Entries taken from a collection
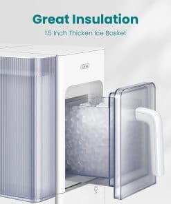 La canasta de hielo Adella está diseñada para ser removible, lo que la hace conveniente para sacar y servir hielo. Con una capacidad de 2.5 lbs, esta canasta de hielo puede satisfacer la demanda de hielo para 4-6 personas, asegurando que usted y su familia o amigos disfruten de deliciosas bebidas con hielo al mismo tiempo. La parte inferior de la canasta de hielo está equipada con una válvula a prueba de fugas que le permite llevarla a cualquier lugar sin que gotee. Con un grosor de tres capas (1.5 pulgadas de espesor), la canasta de hielo tiene una gran capacidad de aislamiento, con un 60% de retención de hielo durante 6 horas a una temperatura ambiente de 80 grados. La canasta de hielo Adella está hecha de material de grado alimenticio, seguro para los usuarios.
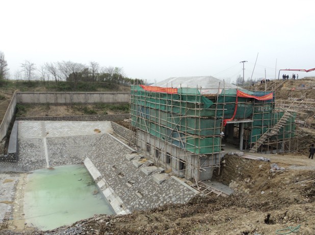 中派站工程是本次肥西縣濱湖泵站更新改造工程的第6標段,工程位于肥西縣上派鎮與嚴店鄉交界處,距合安高速公路約2km。為老站拆除新建項目,是以灌溉為主兼有排澇功能的泵站。為了保證灌區農田春耕、春種用水需要,我公司自開工以來就加大投入、積極準備、合理安排。在所有6個標段中,第一個澆筑底板、第 一個實現結構封頂、第一個開始設備安裝。為工程按期完工打下了良好的基礎。
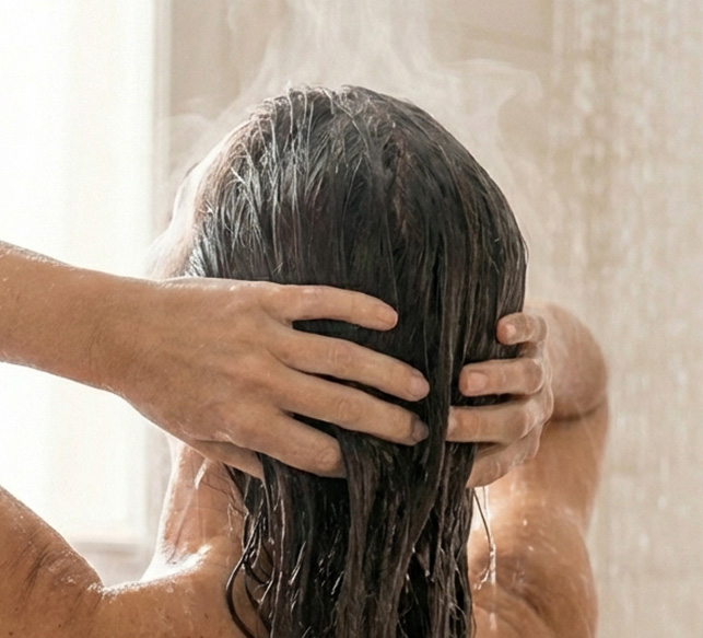 - Aplicar el champú principalmente en el cuero cabelludo.
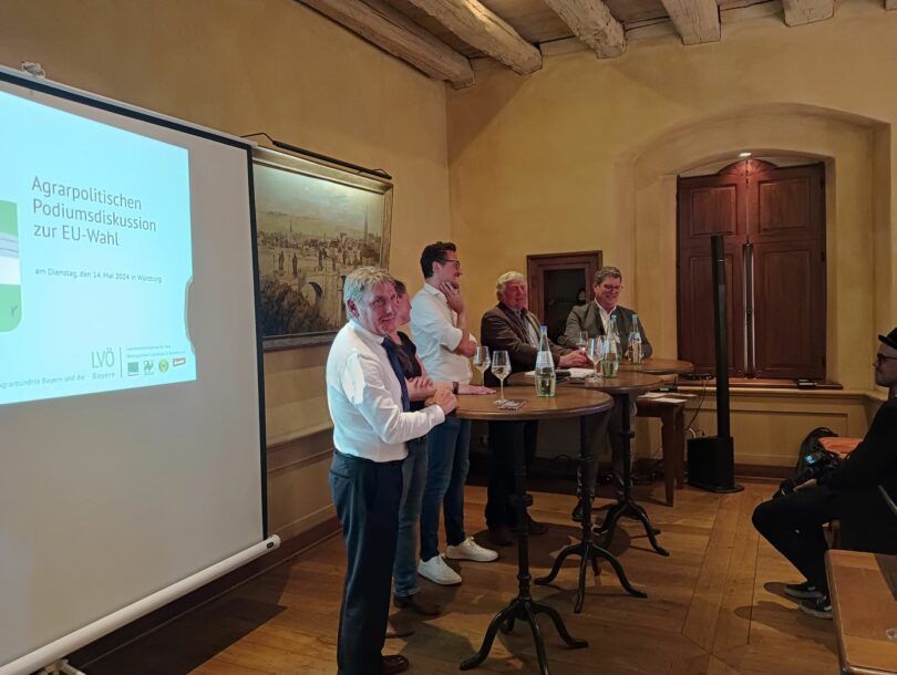 Auf Einladung der LVÖ Bayern e.V. und des Agrarbündnis’ Bayern waren Kandidierende von CSU, Freien Wählern, Bündnis 90/DIE GRÜNEN und ÖDP ins Weingut Juliusspital gekommen. Kandidierende der SPD und FDP waren aus Termingründen verhindert. Die Podiumsteilnehmenden diskutierten vor allem über zwei brisante Themen: die Deregulierung der neuen Gentechniken für die Pflanzenzucht sowie die Verteilung von mehreren Milliarden Euro EU-Agrarförderung.
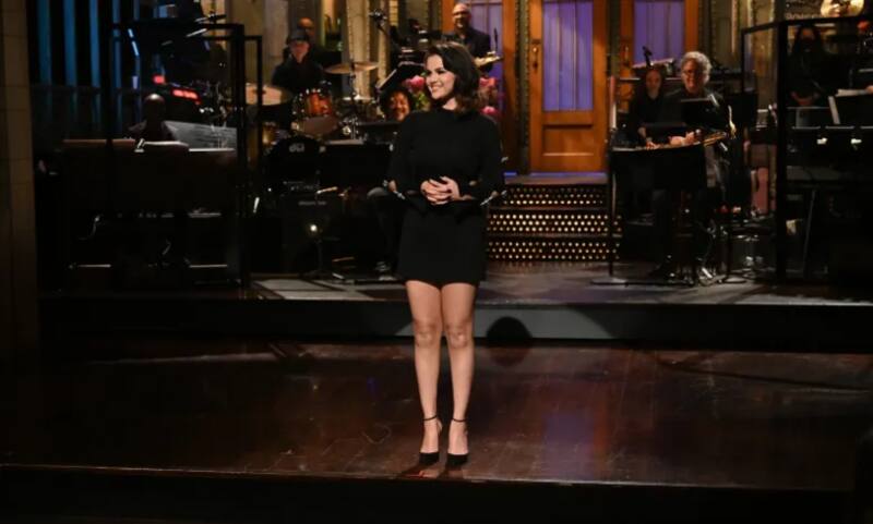 Asimismo, Gomez rememoró como las actrices Emma Stone y Scarlett Johansson encontraron sus parejas al ser invitadas al programa, tal situación se repitió con Machine Gun Kelly y luego con Pete Davidson. La audiencia que estaba presente en el recinto aplaudió el chiste de Selena al hacer un paréntesis en cómo inició el romance de Kim Kardashian y la estrella de SNL.
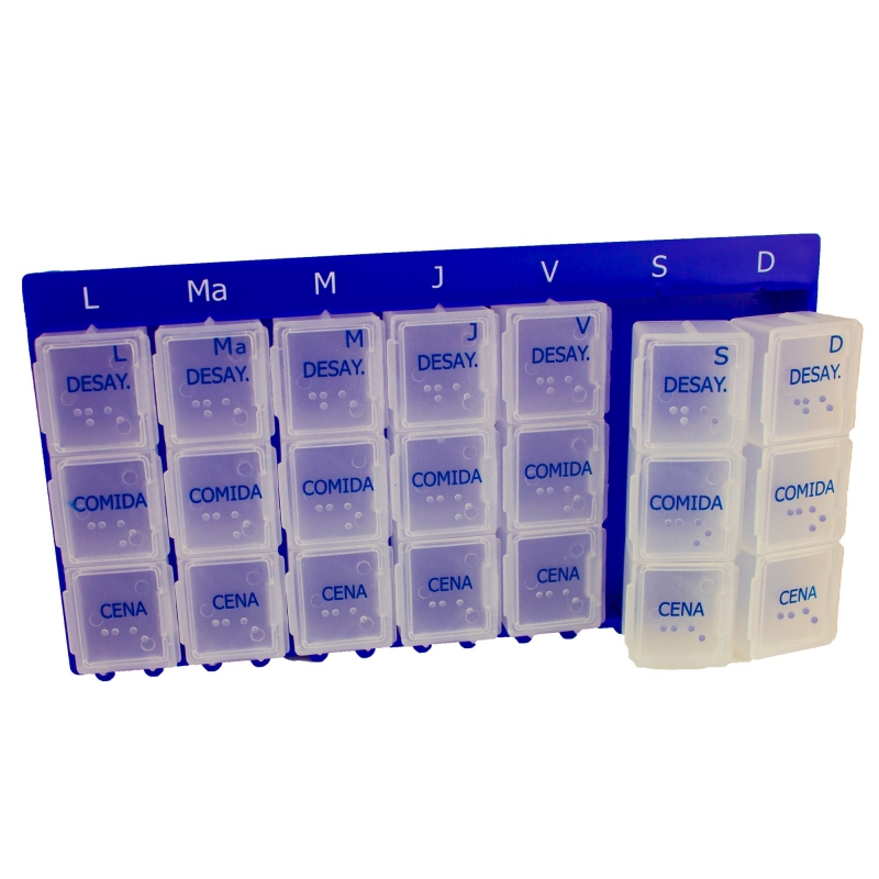 Le pilulier se compose de 7 blocs amovibles correspondant à chaque jour de la semaine. Chaque bloc se divise en trois prises et est indiqué par le jour de la semaine correspondant.
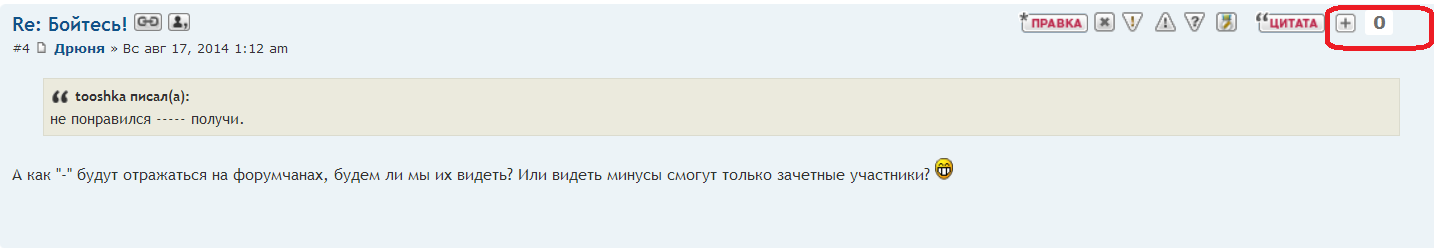 Дрюня писал(а):А как "-" будут отражаться на форумчанах, будем ли мы их видеть? Или видеть минусы смогут только зачетные участники?
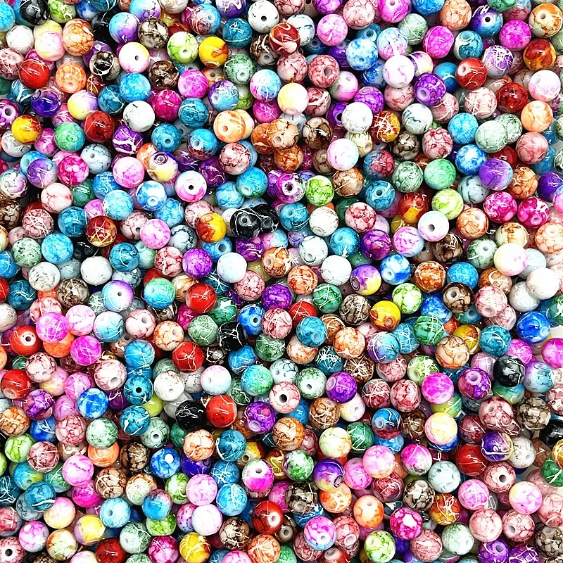 ลูกปัดแก้วหลากสีทรงกลมแบบเจาะรูเต็มรูปแบบ บรรจุในถุง OPP สำหรับงาน DIY งานฝีมือ ทำเครื่องประดับ คริสตัล แลมป์เวิร์ค
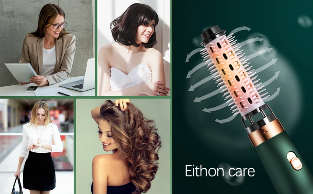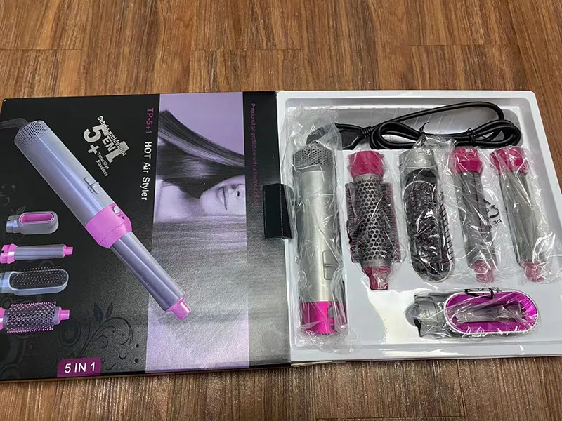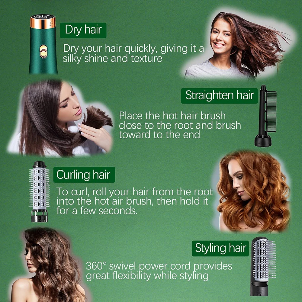 【 5 в 1 фен для волос, инструменты для укладки 】 сушилка для кистей с горячим воздухом для женщин поставляется с пятью взаимозаменяемыми насадками для кистей, которые делают выпрямление, завивку, утомление и массирование кожи головы ветерком. Сочетая выдувную сушку с стильными кистями, можно облегать разные длины волос и создавать разные стили.
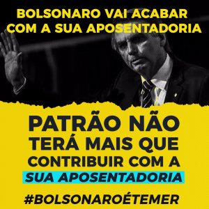 Bolsonaro e seu time econômico já declararam também que avaliam usar a reforma da previdência proposta pelo governo golpista de Temer, que, entre outras tantas atrocidades, quer atacar a previdência dos servidores públicos, aumentando em dez anos o tempo mínimo de contribuição.
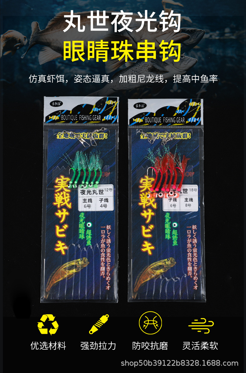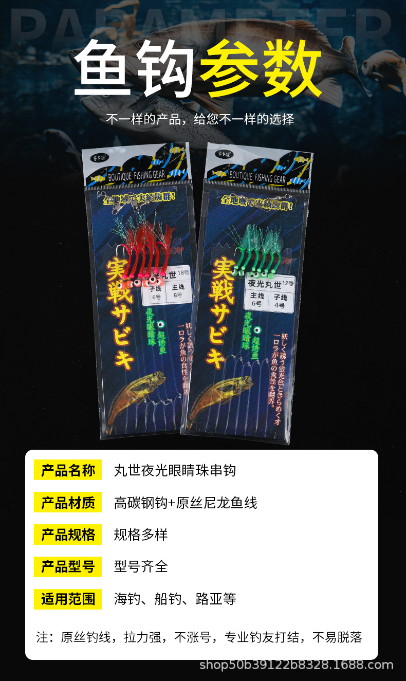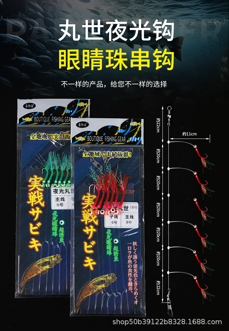 眼睛珠夜光黄鱼串钩加长子线海钓船钓黄鸡马友章跳5本南极虾钓组
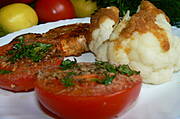 Kalafior z bułką i masłem ,filet z kurczaka i pomidory zapieczone po prowansalsku .....
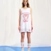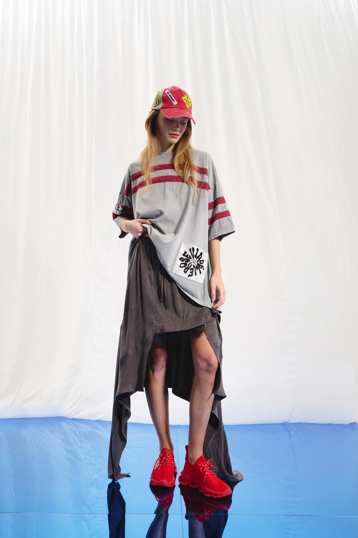 relaxed, oversized T-shirt designed with a sporty edge. Featuring bold contrasting stripes across the chest and sleeves, plus a graphic detail at the hem for a streetwear finish. Cut from soft, breathable cotton for all-day comfort, this piece is perfect for layering or wearing solo with a statement bottom.

**What you will do**
In the records above, find the line with "中派站工程是本次肥西縣濱湖泵" and the line with "ลูกปัดแก้วหลากสีทรงกลมแบบเจาะรูเต็มรูปแบบ บรรจุในถุง OPP"; please transcribe exactly those two lines and all lines between them, omitting any picture.

**Response to this task**
 中派站工程是本次肥西縣濱湖泵站更新改造工程的第6標段,工程位于肥西縣上派鎮與嚴店鄉交界處,距合安高速公路約2km。為老站拆除新建項目,是以灌溉為主兼有排澇功能的泵站。為了保證灌區農田春耕、春種用水需要,我公司自開工以來就加大投入、積極準備、合理安排。在所有6個標段中,第一個澆筑底板、第 一個實現結構封頂、第一個開始設備安裝。為工程按期完工打下了良好的基礎。
 - Aplicar el champú principalmente en el cuero cabelludo.
 Auf Einladung der LVÖ Bayern e.V. und des Agrarbündnis’ Bayern waren Kandidierende von CSU, Freien Wählern, Bündnis 90/DIE GRÜNEN und ÖDP ins Weingut Juliusspital gekommen. Kandidierende der SPD und FDP waren aus Termingründen verhindert. Die Podiumsteilnehmenden diskutierten vor allem über zwei brisante Themen: die Deregulierung der neuen Gentechniken für die Pflanzenzucht sowie die Verteilung von mehreren Milliarden Euro EU-Agrarförderung.
 Asimismo, Gomez rememoró como las actrices Emma Stone y Scarlett Johansson encontraron sus parejas al ser invitadas al programa, tal situación se repitió con Machine Gun Kelly y luego con Pete Davidson. La audiencia que estaba presente en el recinto aplaudió el chiste de Selena al hacer un paréntesis en cómo inició el romance de Kim Kardashian y la estrella de SNL.
 Le pilulier se compose de 7 blocs amovibles correspondant à chaque jour de la semaine. Chaque bloc se divise en trois prises et est indiqué par le jour de la semaine correspondant.
 Дрюня писал(а):А как "-" будут отражаться на форумчанах, будем ли мы их видеть? Или видеть минусы смогут только зачетные участники?
 ลูกปัดแก้วหลากสีทรงกลมแบบเจาะรูเต็มรูปแบบ บรรจุในถุง OPP สำหรับงาน DIY งานฝีมือ ทำเครื่องประดับ คริสตัล แลมป์เวิร์ค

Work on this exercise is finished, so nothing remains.